I agree that it probably wouldn’t be difficult to code in Stan, but I’m wondering whether it can be efficient enough coded in that manner. To vectorize it, we could consider it as being generated from sequences of binary decisions, but ideally we should handle the almost inevitable sparsity of these binary vectors?
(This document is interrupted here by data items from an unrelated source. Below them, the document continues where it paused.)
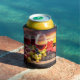 For wine lovers! A can cooler or cozy featuring a playful design of wine glasses, grapes, and vineyard grape leaves. Vibrant colours and practical too! It makes a delightful gift for any wine enthusiast.
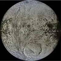 - ↑ The bright trailing hemisphere, with part of the dark area appearing on the right (the equatorial ridge is in profile on the right limb). The large crater Engelier is near the bottom; to its lower right can be seen the rim of a partly obliterated, slightly smaller older crater, Gerin.
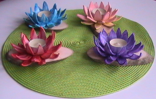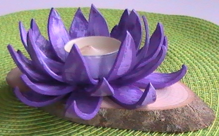 Drveno postolje sa svećnjakom od fimmo mase. Uz svećnjak se dobija i jedna svećica. Prečnik cveta lotosa cca. 14cm. Kartonsko pakovanje dimenzije: 18x14cm.
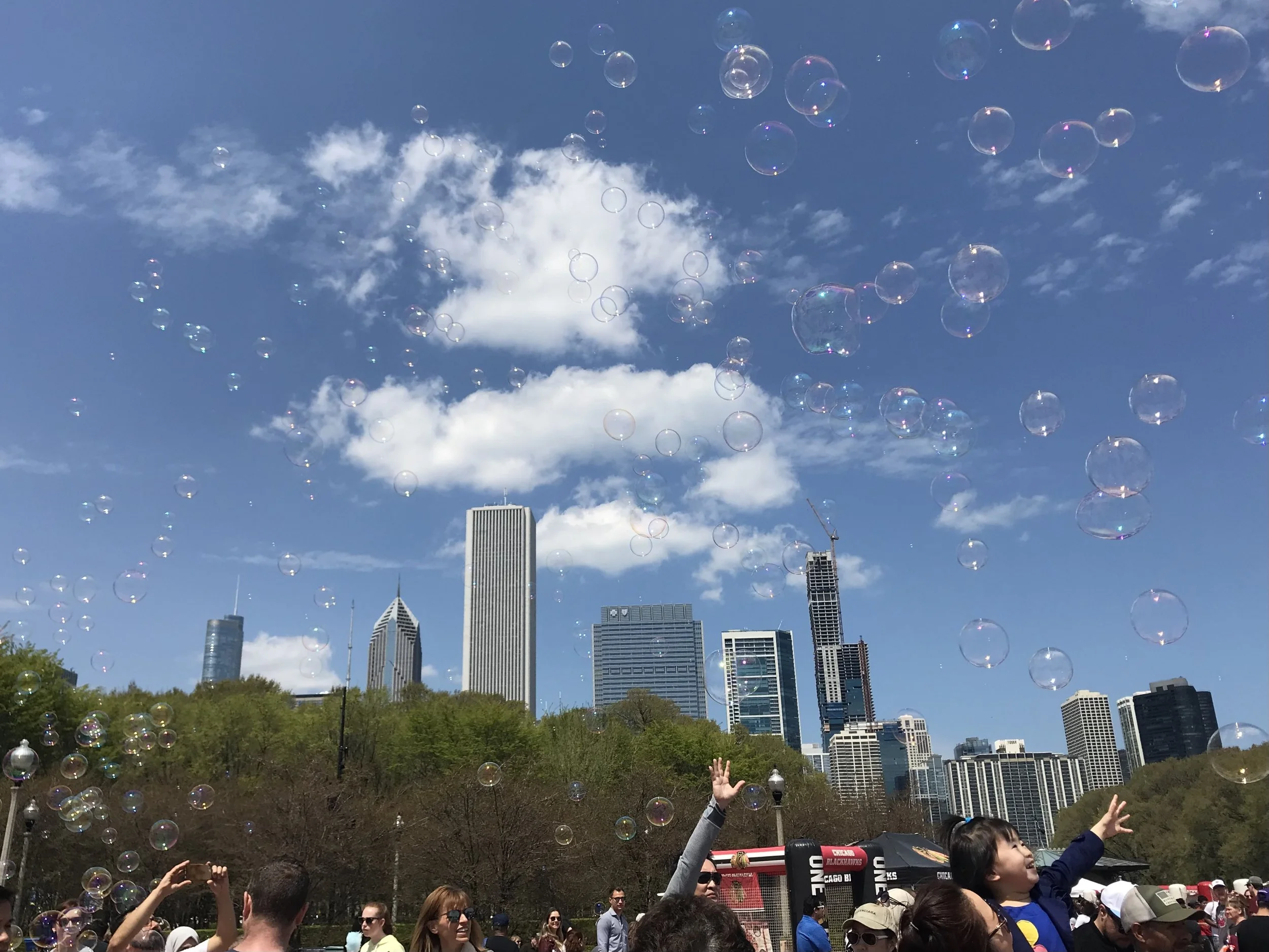 Grady has a story. An incredible, unbelievable story. In 2018, he jumped off our 15th floor balcony and onto a 7th floor patio AND SURVIVED. Sometimes we have moments in life that we know will provide an instant burst of gratitude anytime we think of it moving forward. That is how Grady’s presence from May 2018 through to the present has felt for me. When he jumped off our balcony, we actually didn’t realize it had happened for several hours (I’ll include full details of the story below). All of a sudden we couldn’t find the cat. It was a beautiful Sunday at the beginning of May, and Buckingham Foundation was having a special celebratory event where they turn on the fountain to signify the start of the warm seasons. Jim and I were panicked looking for the cat, and we also knew we had to get the kids out of the apartment. So I walked them up to Buckingham Fountain while Jim tried to figure out in desperation where our cat had gone. Standing at Buckingham Fountain, where everyone cheered when Tom Skilling flipped the switch to get the water to flow, I looked up to the sky, channeling whatever higher power is there for us, and I prayed. Please, I pleaded to the sky. Please. Please help us find our cat. If we find him, I will remember this place for the rest of my life. This moment. My feet on the ground. The clouds in the sky. The mist from the fountain. I will know that this world contains wonder and magic, and that here on this spot in front of this city as a witness, my prayer was answered. The following year, we returned to the event at Buckingham Fountain, and I took this picture from the spot where I had prayed the year before.

I am a bit out of my depth here, but I don’t see why you would model the problem as a sequence of binary decisions (which is might be terrible for Stan) The direct representation (as in equation 2 in the paper) looks like it can be implemented straightforwardly and efficiently. It literally tells you what to add to the target log prob. This reduces to a simple sum e.g. (just a sketch not really tested)

for(n in 1: N) {
   real val = beta[N] * X[N]; //the predictor value
   for(option in 1:(observed_option[n] - 1)) {
      target += log1m(normal_cdf(gamma[option] - val, 0, 1)); //equals to log(1 - normal_cdf(...)) but is more stable
   }
   target += normal_lcdf(gamma[observed_option[n]] - val, 0, 1); //note the lcdf here, not cdf as above
}

This IMHO could be reasonably efficient and you can obviously do a bunch of optimizations (precompute things, vectorize, …)
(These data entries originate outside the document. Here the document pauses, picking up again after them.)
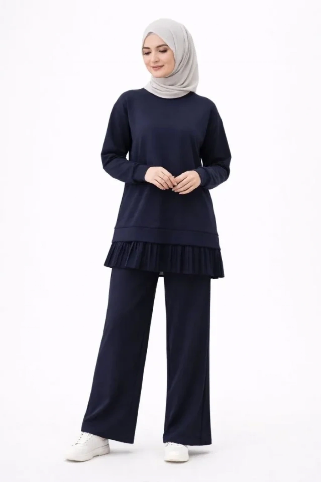 Osy Modal Yumuşak Dokulu Tesettür Pliseli Takım Uzun Tunik Pantolon İkili Kombin - Lacivert
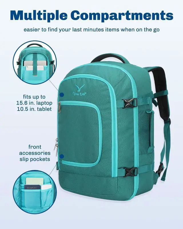 Weight: 2.2 lbs/ 1 kg ^^ Pass Through Luggage Strapcarry on backpack is designed with an added back trolley strap for more convenient, you can quicker attach the travel cabin backpack to the luggage handle and move more easily around the airport or wherever you go; 4 compression straps help eliminate extra backpack space, making the carry on bag more compact, it can also relieve the pressure on the zippers, so if travel with a partially packed bag, you can preventing the contents from sloshing around ^^ Wet Compartmenttravel backpack for men and women features a new PEVA-lined waterproof compartment instead of a mesh zip compartment, provides a dedicated place to put away your wet clothes or toiletry items, from damp towel to beach flip flops ^^ Padded Sleeve for 15.6 -inchThe middle zip compartment is built with a padded laptop sleeve that fits up to a 15.6 -inch and a padded tablet sleeve that fits up to a 10.5 -inch; backpack for travelling designed with front zip compartment can organize you last minutes accessories, tickets or brochure, inside with 3 slip pockets, keep essetials in place and at the ready, main compartment with fasten buckle straps which is roomy enough to pack travel belongings, from organizer cubes to toiletry bag ^^ Comfortable to Carryhide-away contoured travel weekend backpack straps are well padded with air mesh, can carry it comfortably as a carry on backpack or also can easy convert it into a travel duffel bag; provide 4 carrying options for travelers' multiple alternatives; there is 1 sternum strap that adjusts lengthwise and slides up and down the shoulder straps, and 1 adjustable waist strap designs for stabilization and carry comfort ^^ Versatile for Occasionspack it as travel backpack when you plan to have a weekend out or overnight trip, tuck the laptop and documents quickly for next day business visit, slip travel backpack over the upright handle of wheeled luggage seamless when you are tired to carry it on your back, a multiple functional travel must have for women and men
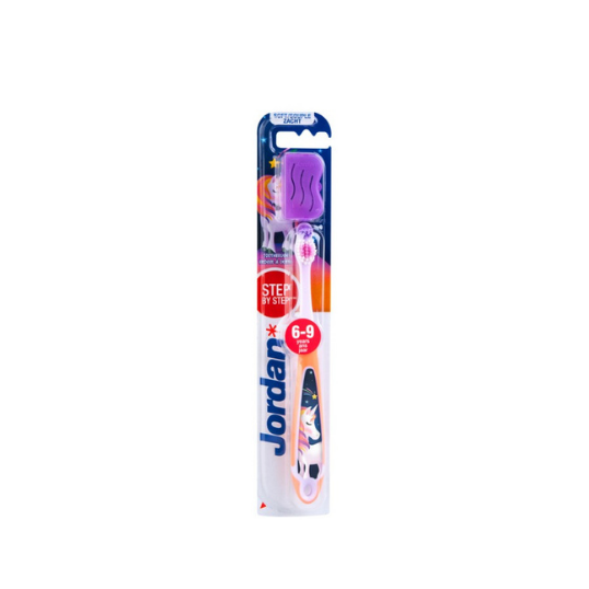 Jordan vaikų dantų šepetėlis skirtas vaikams nuo 6 iki 9 metų amžiaus.
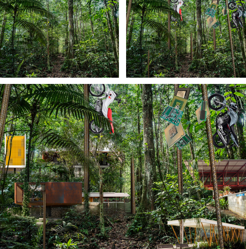 Image Fiction: Desenvolvimento: Floresta Intocada - Floresta Industrial - Integração da arquitetura produzida na cidade floresta industrial.
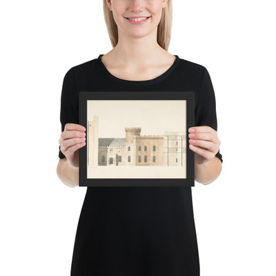 North Aspects of Lea Castle and West Aspect of Wolverly, Cookly, Worcestershire - John Carter - ca. 1816 - Enhanced Matte Paper Framed Poster
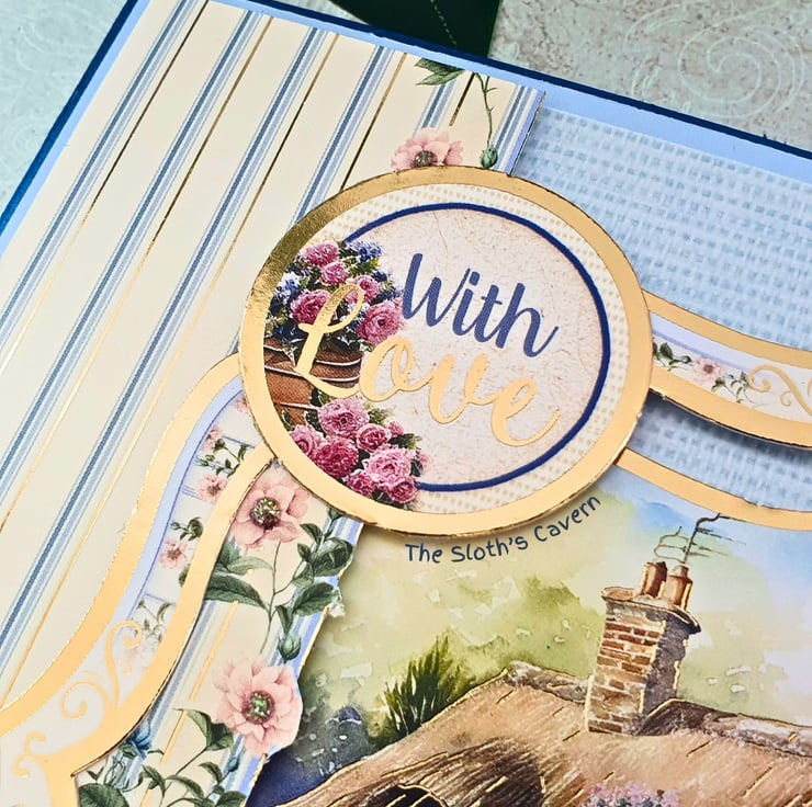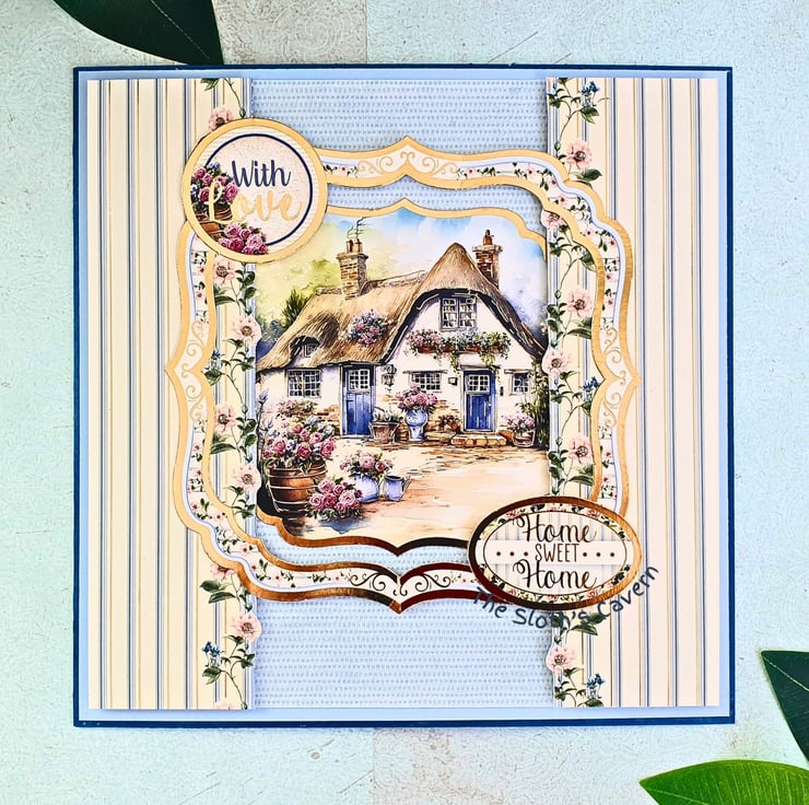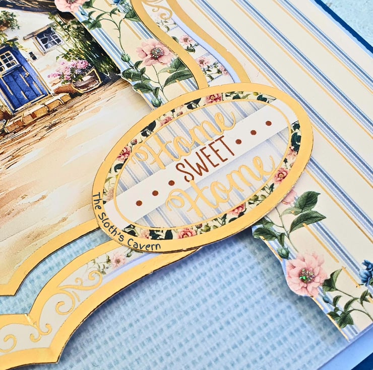 The card consists of a panel of pastel blue cardstock, layered with a light blue patterned card. Two floral panels are on the right & left side of the card, while the gold framed topper stands proudly in the middle. It displays a beautiful cottage house, surrounded by blooming spring flowers! On the top left corner, the button tag reads "With Love" in gold & blue lettering, while the sentiment "Home Sweet Home" is on the bottom right corner. The card has been embellished with glitter colour drops on the flower centres.

It might be me who is out of my depth, since I am not quite used to the performance trade-offs in Stan. Is it not costly to loop over N, especially compared to the often much lower K (number of options)?
Of course, your approach does implicitly exploit sparsity of the binary latents as you only loop over the relevant variables, disregarding the later ones.
(or does your final note hint at possible ways this could be vectorized?)
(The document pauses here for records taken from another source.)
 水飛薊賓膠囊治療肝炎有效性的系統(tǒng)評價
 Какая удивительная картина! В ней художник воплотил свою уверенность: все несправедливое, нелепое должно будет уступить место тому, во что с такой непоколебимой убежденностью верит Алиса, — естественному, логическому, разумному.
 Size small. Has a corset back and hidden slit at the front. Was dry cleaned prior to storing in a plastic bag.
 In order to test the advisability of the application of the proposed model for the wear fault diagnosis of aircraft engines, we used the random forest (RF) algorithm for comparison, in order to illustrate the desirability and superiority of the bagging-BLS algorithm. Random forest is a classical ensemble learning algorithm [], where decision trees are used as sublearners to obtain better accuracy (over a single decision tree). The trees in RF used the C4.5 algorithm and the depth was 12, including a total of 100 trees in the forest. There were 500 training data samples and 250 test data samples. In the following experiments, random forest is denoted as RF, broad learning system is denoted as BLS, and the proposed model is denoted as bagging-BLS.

Yeah, the code could be made more efficient. One more sketch to illustrate some compression (I hope all of those work):

transformed data {
matrix[N, num_options] skipped_options = rep_matrix(0, N, num_options);
for(n in 1: N) {
   for(option in 1:(observed_option[n] - 1)) {
     skipped_options[n,option] = 1;
   }
}
}

model {
vector[N] val = beta * X;
matrix[N,num_options] gamma_rep = skipped_options .* rep_matrix(to_rowvector(gamma), N);
matrix[N,num_options] val_rep = skipped_options .* rep_matrix(val, num_options);
matrix[N,num_options] skipped_options_lp = skipped_options .* log1m(normal_cdf(gamma_rep - val_rep, 0, 1));
target += to_vector(skipped_options_lp);
target += normal_lcdf(gamma[observed_option[n]] - val, 0, 1);
}

I guess I see what you meant by the “latent binaries” (the skipped_options matrix) but those can be computed in transformed data so should not make problems. There will be some wasted computation in the matrix operations so you should test whether this is an improvement, but I guess it could be worth it. I also multipled gamma_rep and val_rep with skipped_options in hope it reduces the autodiff stack (the elements multiplied by zero won’t propagate) but this is also just a guess and might not be an improvement in practice.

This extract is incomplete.